Из этого эйнштейновского высказывания не следует, что Эйнштейн шел на поводу у эмпирики. Эмпирический фундамент необходим, считал он, но чем глубже исследователь проникает в суть вещей, чем более широкой и всеобъемлющей становится теория, тем меньше эмпирических знаний требуется для создания теории:

Для создания теории недостаточно просто набора фактов — всегда требуются еще свободные конструкции мысли, проникающей в самую суть вещей. Кроме того: физик не должен удовлетворяться чисто феноменологическими соображениями об известных фактах. Он должен прибегать к умозрительному методу, чтобы выявить глубинные закономерности.

Эйнштейну был чужд пафос «безграничности познания». Скорее наоборот: он считал, что «человек в результате своих страстных усилий может ­ухватить лишь бесконечно малую часть истины». Но, — пишет он далее в паскалевском стиле, — «сами по себе эти усилия освобождают от уз, сковывающих личность, и делают нас сподвижниками лучших и величайших».

Эйнштейн был глубоко убежден в том, что наука не должна становиться средством к существованию: ученый должен быть никому не подотчетен и получать за свои труды не деньги, а радость. В этом отношении его образцом был Спиноза, шлифующий линзы, а своими лучшими временами он считал работу в бернском патентном бюро, где у него возникло большинство величайших идей.

Великий синтезатор, Эйнштейн, связывал не только материю и энергию, волны и частицы, движущегося и неподвижного наблюдателя, но научные и этические проблемы. Хотя содержание науки и этики различно, считал Эйнштейн, их форма во многом подобна. Принадлежа разным уровням нашего сознания, эмпирические знания, тем не менее, неотделимы от человеческого поведения. Способы формирования и реализации человеком его этических воззрений во многом идентичны научному процессу осмысления мира:


Научные утверждения фактов и отношений на самом деле не несут в себе этических директив. Тем не менее, их можно сделать рациональными и ясными благодаря логическому мышлению и эмпирическому знанию. Если мы придем к согласию о некоторых фундаментальных этических предположениях, тогда остальные будут вытекать из них, если исходные предпосылки заявлены с достаточной точностью.
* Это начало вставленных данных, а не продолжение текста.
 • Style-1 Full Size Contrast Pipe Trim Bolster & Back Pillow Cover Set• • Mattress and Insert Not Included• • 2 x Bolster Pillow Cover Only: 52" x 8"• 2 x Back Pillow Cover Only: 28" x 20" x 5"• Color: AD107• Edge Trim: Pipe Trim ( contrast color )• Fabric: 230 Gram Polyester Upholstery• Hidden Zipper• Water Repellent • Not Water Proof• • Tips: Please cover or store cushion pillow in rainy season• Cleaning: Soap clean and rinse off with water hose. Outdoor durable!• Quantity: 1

Такие этические предпосылки сходны с аксиомами в математике.

В случае с ложью это может происходить так: ложь разрушает доверие. Без него социальное сотрудничество делается невозможным или, по крайней мере, затруднительным. Именно это сотрудничество вообще делает жизнь возможной и терпимой. И, значит, заповедь «Не солги» отсылает нас к следующему требованию: «Человеческую жизнь надо охранять» и «Боль и печаль должно уменьшить максимально».


Проблема добра и зла воспринималась Эйнштейном не на бытовом, а на космическом, мильтоновском уровне. Однажды ему задали такой вопрос: «Вы признаны во всем мире истинным гением нашего столетия и, может быть, всей истории человечества. Ваш разум способен охватить всю Вселенную — от крохотного атома до космоса. Вы видели, как ваши открытия обогащали мир, но в то же время калечили и разрушали человеческую жизнь, так высоко Вами ценимую. Скажите, какой самый важный вопрос стоит сегодня перед человечеством?» Говорят, что он помедлил с ответом, глядя куда-то в бескрайность пространства, а затем перевел взгляд вниз и, взглянув на интервьюера, произнес: «Думаю, самый важный вопрос: “Дружественная ли среда — наша Вселенная?”»
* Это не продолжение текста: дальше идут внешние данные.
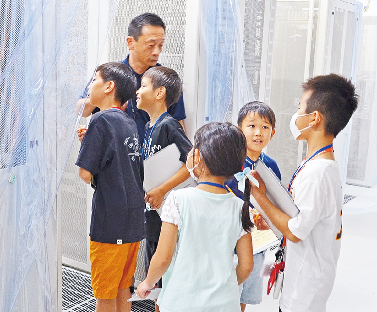 IT企業の株式会社アイネット=西区=が8月23日、戸塚区内にある自社のデータセンターで、小学生の親子向け見学会を初めて開催した。子どもたちにITに興味を持ってもらおうと行われたもので、親子11組27人が参加した。
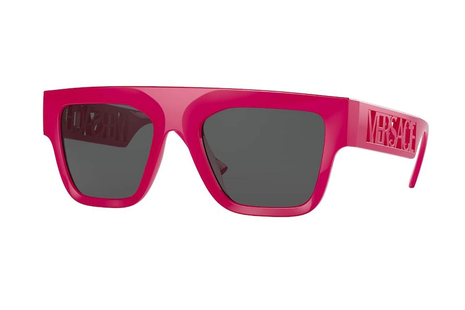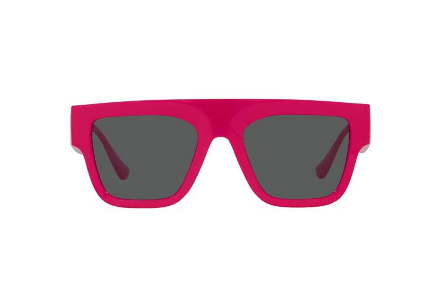 Rettangolare. Si tratta di occhiali da sole con montattura fatta da materiale propionato di colore pink FUXIA.
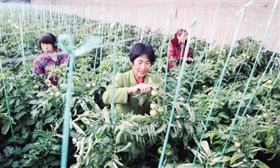 河北霸州京南桃园农业合作社工人在管理大棚里的西红柿。近年来,霸州市鼓励当地农民发展反季蔬菜种植供应京津市场,农民种植收入不断提高。
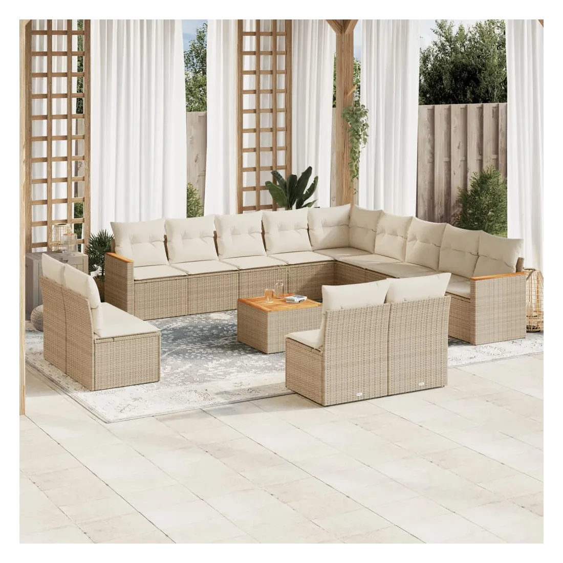 Cet ensemble de canapés de jardin est le complément parfait de votre arrière-cour, terrasse ou patio, offrant un espace confortable et accueillant pour discuter avec la famille et les amis ou simplement se détendre et profiter de l'extérieur. Matériau durable : la résine tressée, également connue sous le nom de poly rotin, est un matériau synthétique solide et nécessitant peu d'entretien qui ressemble au rotin naturel. Il est léger, facile à nettoyer et couramment utilisé pour les meubles d'extérieur en raison de sa durabilité et de ses propriétés de résistance aux intempéries.Fonction de rangement avec sac résistant à l'eau : le mobilier de jardin dispose d'un espace de rangement sous l'assise, complété par un sac résistant à l'eau pour ranger coussins, jouets et autres objets. Le sac intérieur peut être solidement fixé au mobilier d'extérieur grâce à des attaches auto-agrippantes pour plus de stabilité.Dessus stable et facile à nettoyer : cette table de jardin a un dessus en bois d'acacia robuste, durable et facile à nettoyer avec un chiffon humide.Housse amovible et lavable : ces coussins de siège sont dotés de housses amovibles pour un lavage et un entretien faciles.Conception modulaire : cet ensemble de meubles d'extérieur a une conception modulaire, ce qui le rend complètement flexible et facile à déplacer, afin que vous puissiez créer un agencement de meubles d'extérieur personnalisé. Bon à savoir :Pour que vos meubles d'extérieur restent beaux, nous vous recommandons de les protéger avec une housse imperméable.

Фундаментальные принципы науки и этики невозможно математически вывести из нашего опыта — они рождены вдохновением и интуицией. И уже потом подтверждаются своей практической ценностью:


Для чистой логики нет неоспоримых аксиом, даже этических. Но с точки зрения психологии и генетики они, несомненно, существуют и порождаются либо нашими внутренними тенденциями, дабы избежать боли и исчезновения, либо нашими эмоциональными реакциями на поведение своих ближних.

Научные знания и этические убеждения должны проверяться опытом. Убеждения вообще неотделимы от того или иного опыта и служат жизненными ориентирами, определяющими правильность наших ответов на жизненные вызовы.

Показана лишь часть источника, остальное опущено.